> [WHAT YOU SHOULD DO]: Write out each entry below exactly; the images do not belong in your copy.

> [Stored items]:
* * *

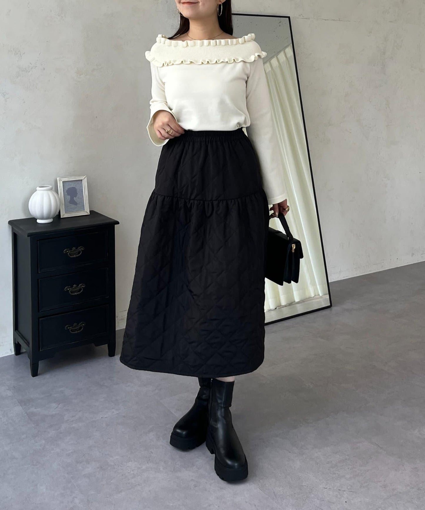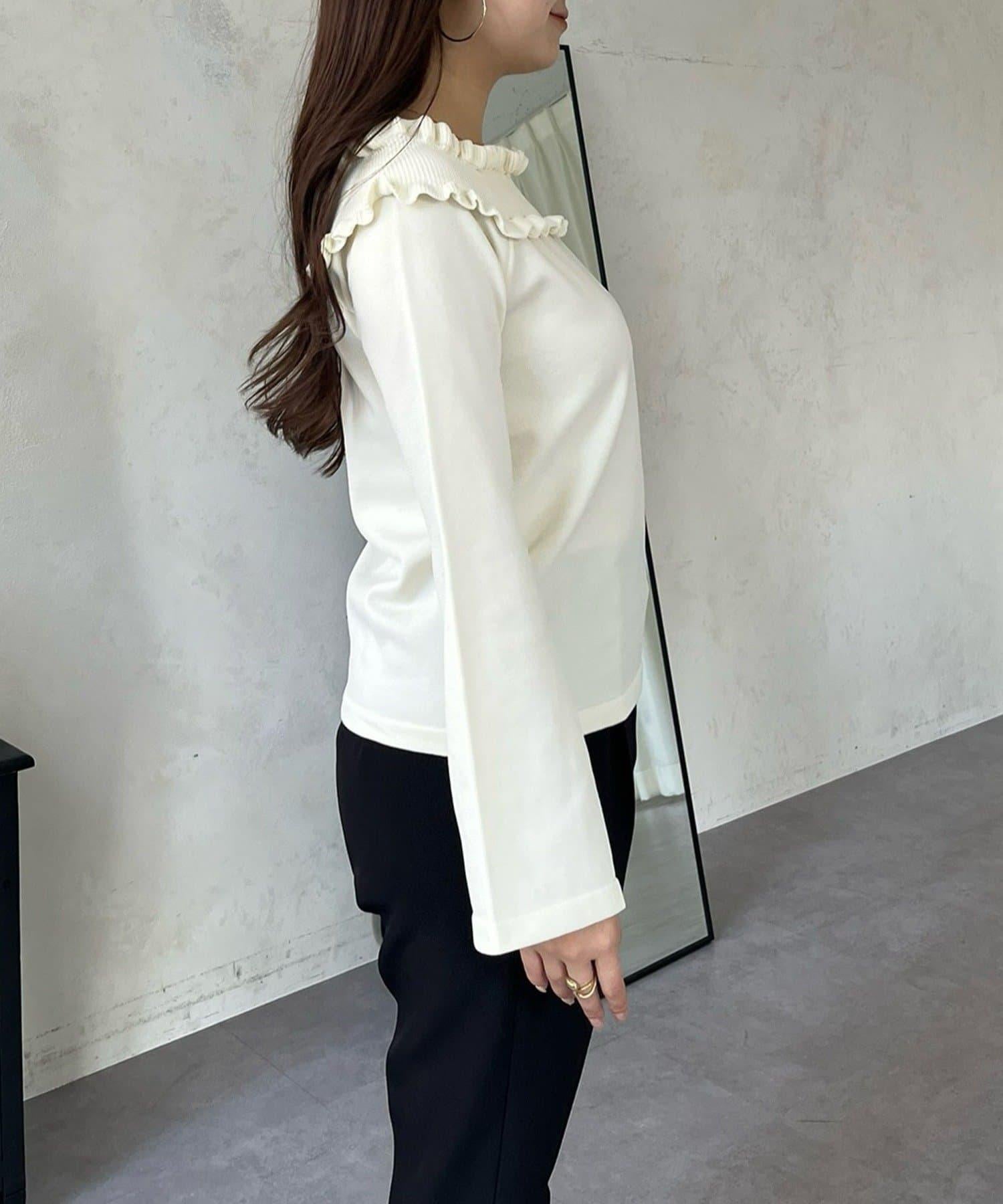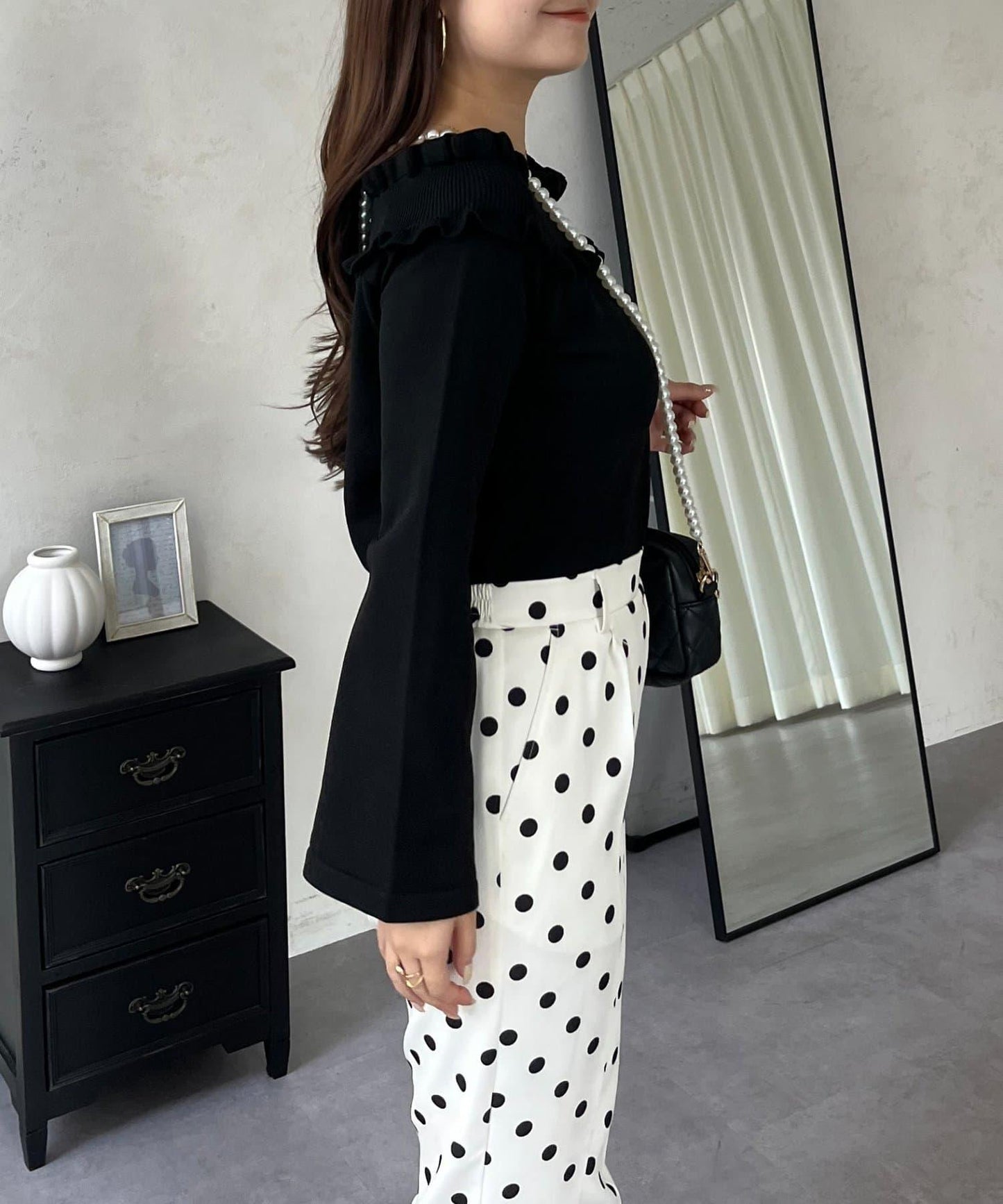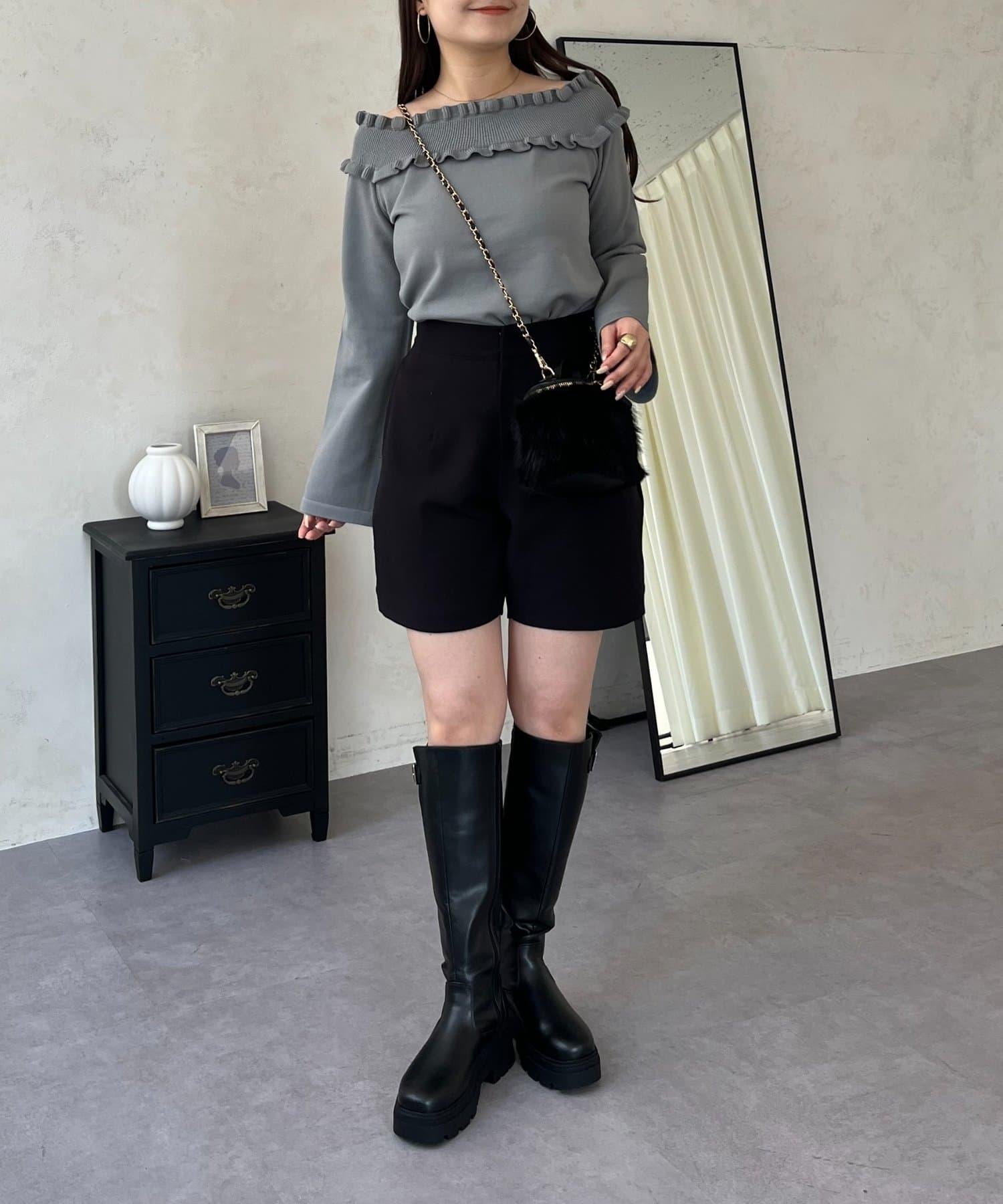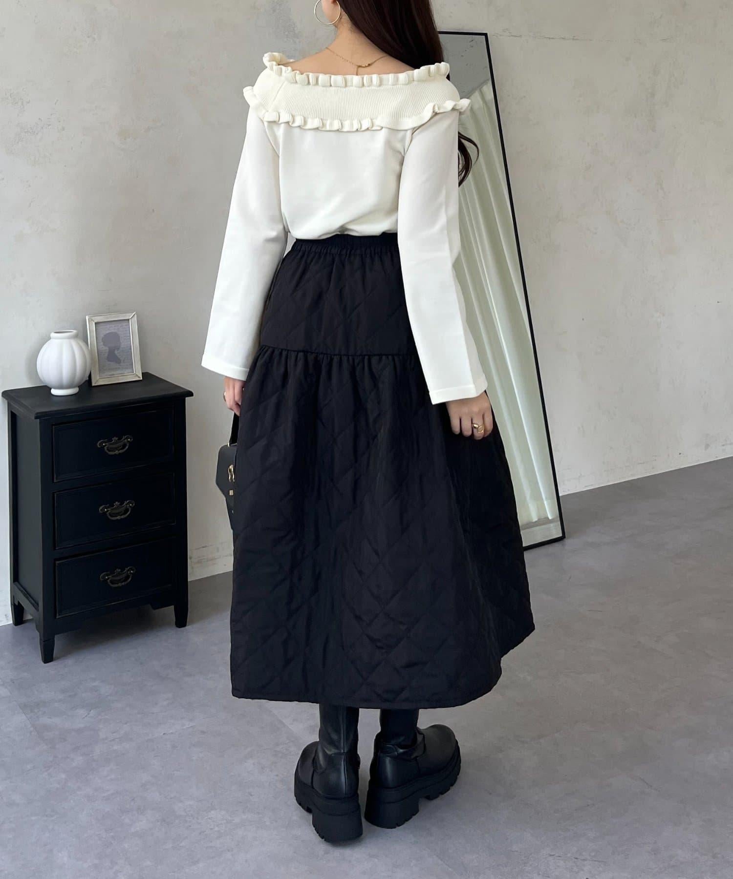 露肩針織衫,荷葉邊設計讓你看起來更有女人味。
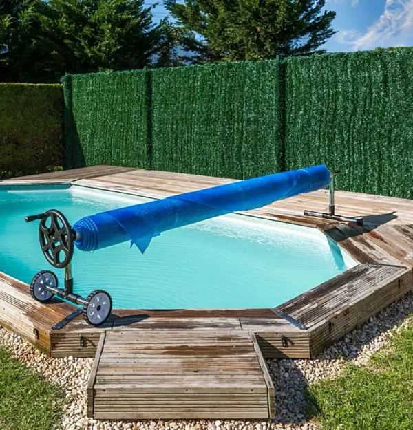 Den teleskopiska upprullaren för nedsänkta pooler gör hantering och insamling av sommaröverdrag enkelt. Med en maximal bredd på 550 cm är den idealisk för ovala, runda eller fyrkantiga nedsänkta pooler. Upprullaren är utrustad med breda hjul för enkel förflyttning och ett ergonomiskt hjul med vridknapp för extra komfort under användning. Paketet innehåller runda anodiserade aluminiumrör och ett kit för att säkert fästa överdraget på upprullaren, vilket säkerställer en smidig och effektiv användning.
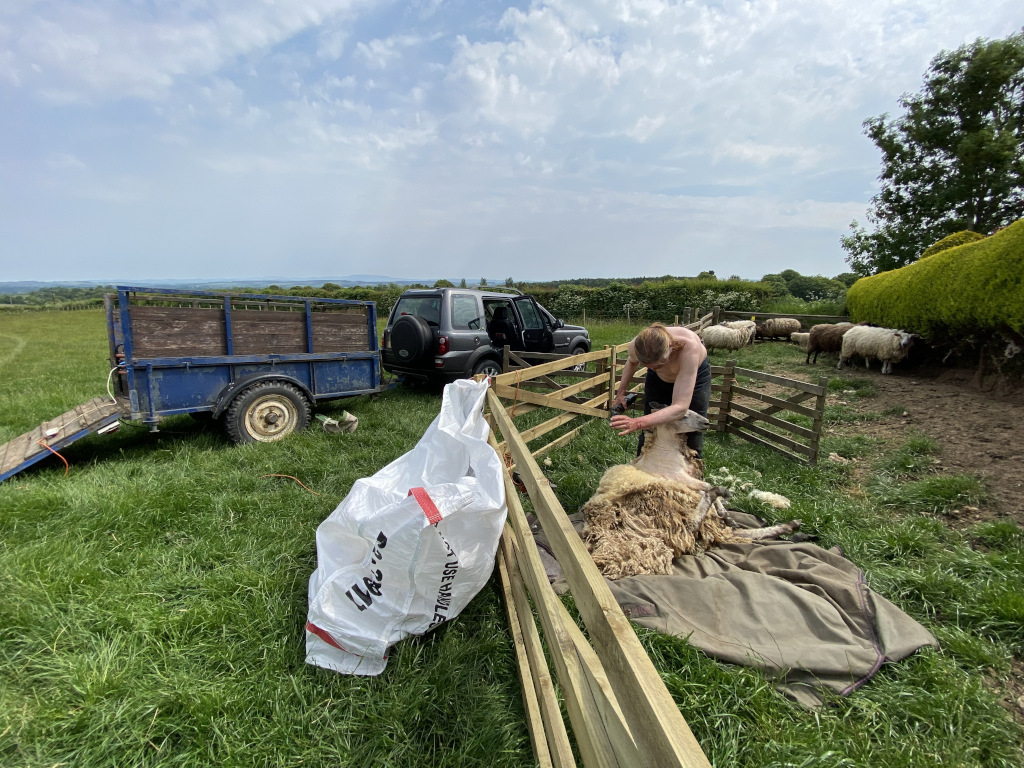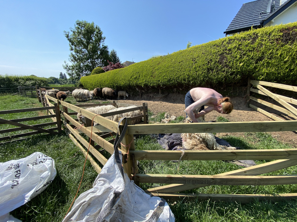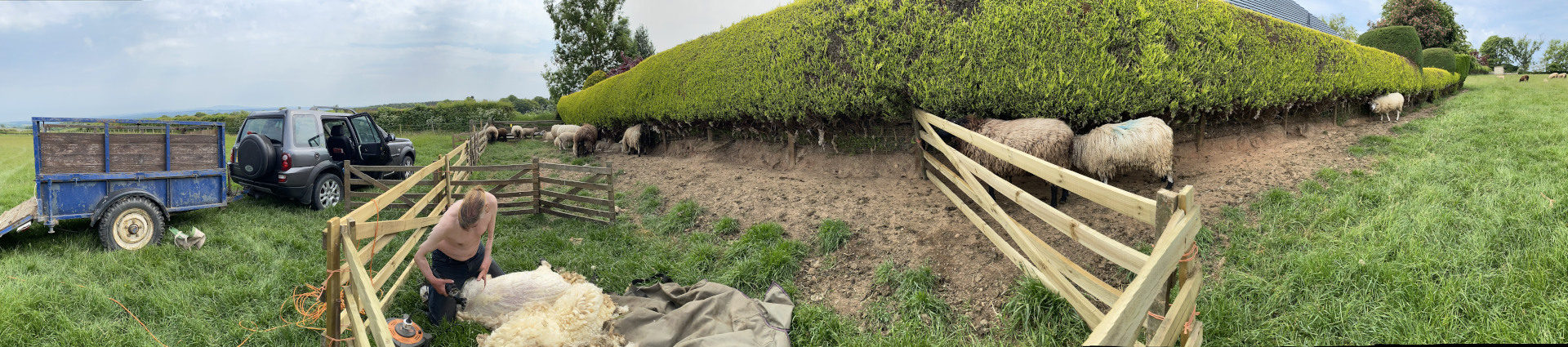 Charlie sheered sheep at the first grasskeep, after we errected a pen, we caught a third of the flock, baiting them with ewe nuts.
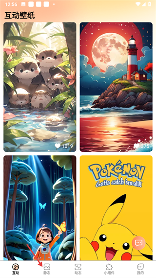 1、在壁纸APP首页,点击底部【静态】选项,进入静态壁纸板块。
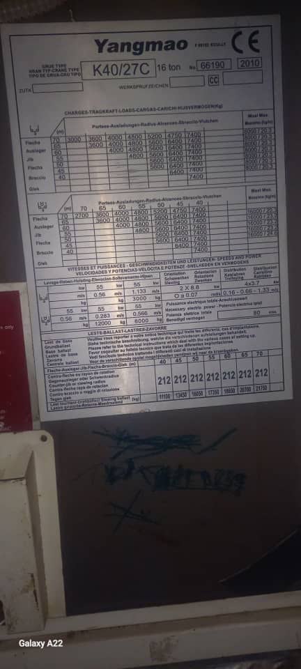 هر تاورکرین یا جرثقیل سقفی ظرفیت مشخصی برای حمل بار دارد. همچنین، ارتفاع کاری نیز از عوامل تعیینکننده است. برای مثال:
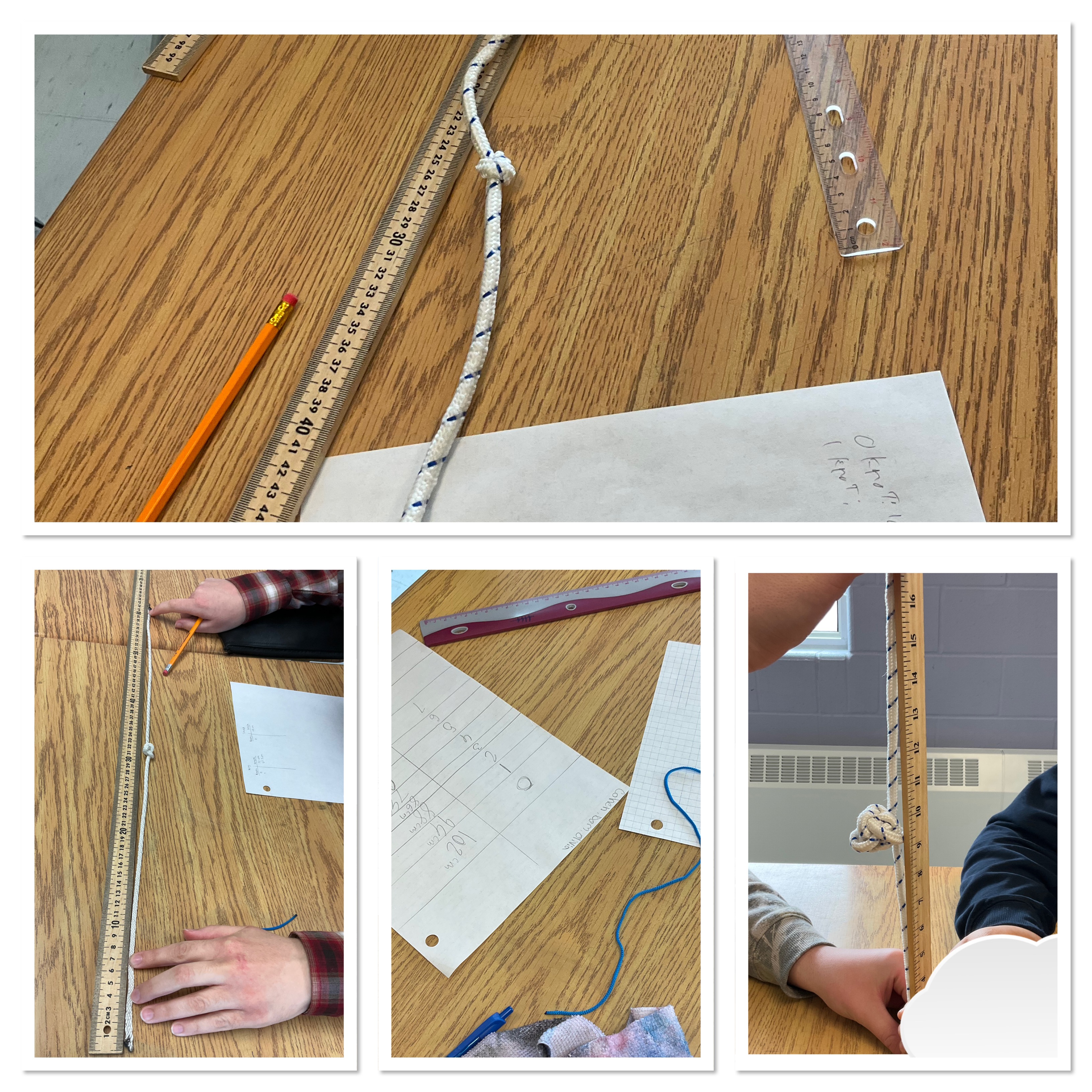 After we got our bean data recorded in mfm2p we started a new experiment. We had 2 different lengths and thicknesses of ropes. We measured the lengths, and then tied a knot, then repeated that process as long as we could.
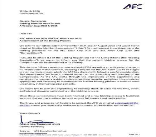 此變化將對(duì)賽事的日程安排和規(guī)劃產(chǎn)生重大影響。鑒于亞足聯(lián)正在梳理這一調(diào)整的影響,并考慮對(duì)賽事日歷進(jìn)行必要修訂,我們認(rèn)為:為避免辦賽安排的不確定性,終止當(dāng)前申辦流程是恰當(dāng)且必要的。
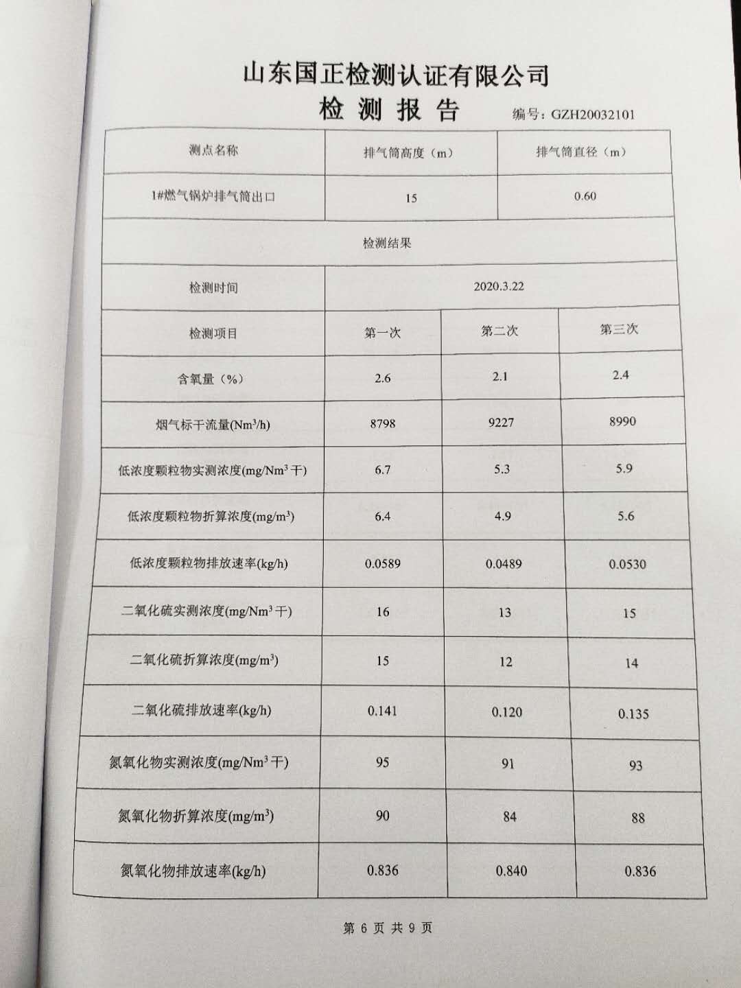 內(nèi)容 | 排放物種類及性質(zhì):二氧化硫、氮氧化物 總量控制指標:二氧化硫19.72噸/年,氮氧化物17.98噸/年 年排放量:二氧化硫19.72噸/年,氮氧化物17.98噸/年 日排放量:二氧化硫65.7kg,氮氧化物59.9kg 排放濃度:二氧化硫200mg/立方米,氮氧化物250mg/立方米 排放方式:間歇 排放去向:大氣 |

* * *

> [OUTPUT FOR THIS EXERCISE]:
 露肩針織衫,荷葉邊設計讓你看起來更有女人味。
 Den teleskopiska upprullaren för nedsänkta pooler gör hantering och insamling av sommaröverdrag enkelt. Med en maximal bredd på 550 cm är den idealisk för ovala, runda eller fyrkantiga nedsänkta pooler. Upprullaren är utrustad med breda hjul för enkel förflyttning och ett ergonomiskt hjul med vridknapp för extra komfort under användning. Paketet innehåller runda anodiserade aluminiumrör och ett kit för att säkert fästa överdraget på upprullaren, vilket säkerställer en smidig och effektiv användning.
 Charlie sheered sheep at the first grasskeep, after we errected a pen, we caught a third of the flock, baiting them with ewe nuts.
 1、在壁纸APP首页,点击底部【静态】选项,进入静态壁纸板块。
 هر تاورکرین یا جرثقیل سقفی ظرفیت مشخصی برای حمل بار دارد. همچنین، ارتفاع کاری نیز از عوامل تعیینکننده است. برای مثال:
 After we got our bean data recorded in mfm2p we started a new experiment. We had 2 different lengths and thicknesses of ropes. We measured the lengths, and then tied a knot, then repeated that process as long as we could.
 此變化將對(duì)賽事的日程安排和規(guī)劃產(chǎn)生重大影響。鑒于亞足聯(lián)正在梳理這一調(diào)整的影響,并考慮對(duì)賽事日歷進(jìn)行必要修訂,我們認(rèn)為:為避免辦賽安排的不確定性,終止當(dāng)前申辦流程是恰當(dāng)且必要的。
 內(nèi)容 | 排放物種類及性質(zhì):二氧化硫、氮氧化物 總量控制指標:二氧化硫19.72噸/年,氮氧化物17.98噸/年 年排放量:二氧化硫19.72噸/年,氮氧化物17.98噸/年 日排放量:二氧化硫65.7kg,氮氧化物59.9kg 排放濃度:二氧化硫200mg/立方米,氮氧化物250mg/立方米 排放方式:間歇 排放去向:大氣 |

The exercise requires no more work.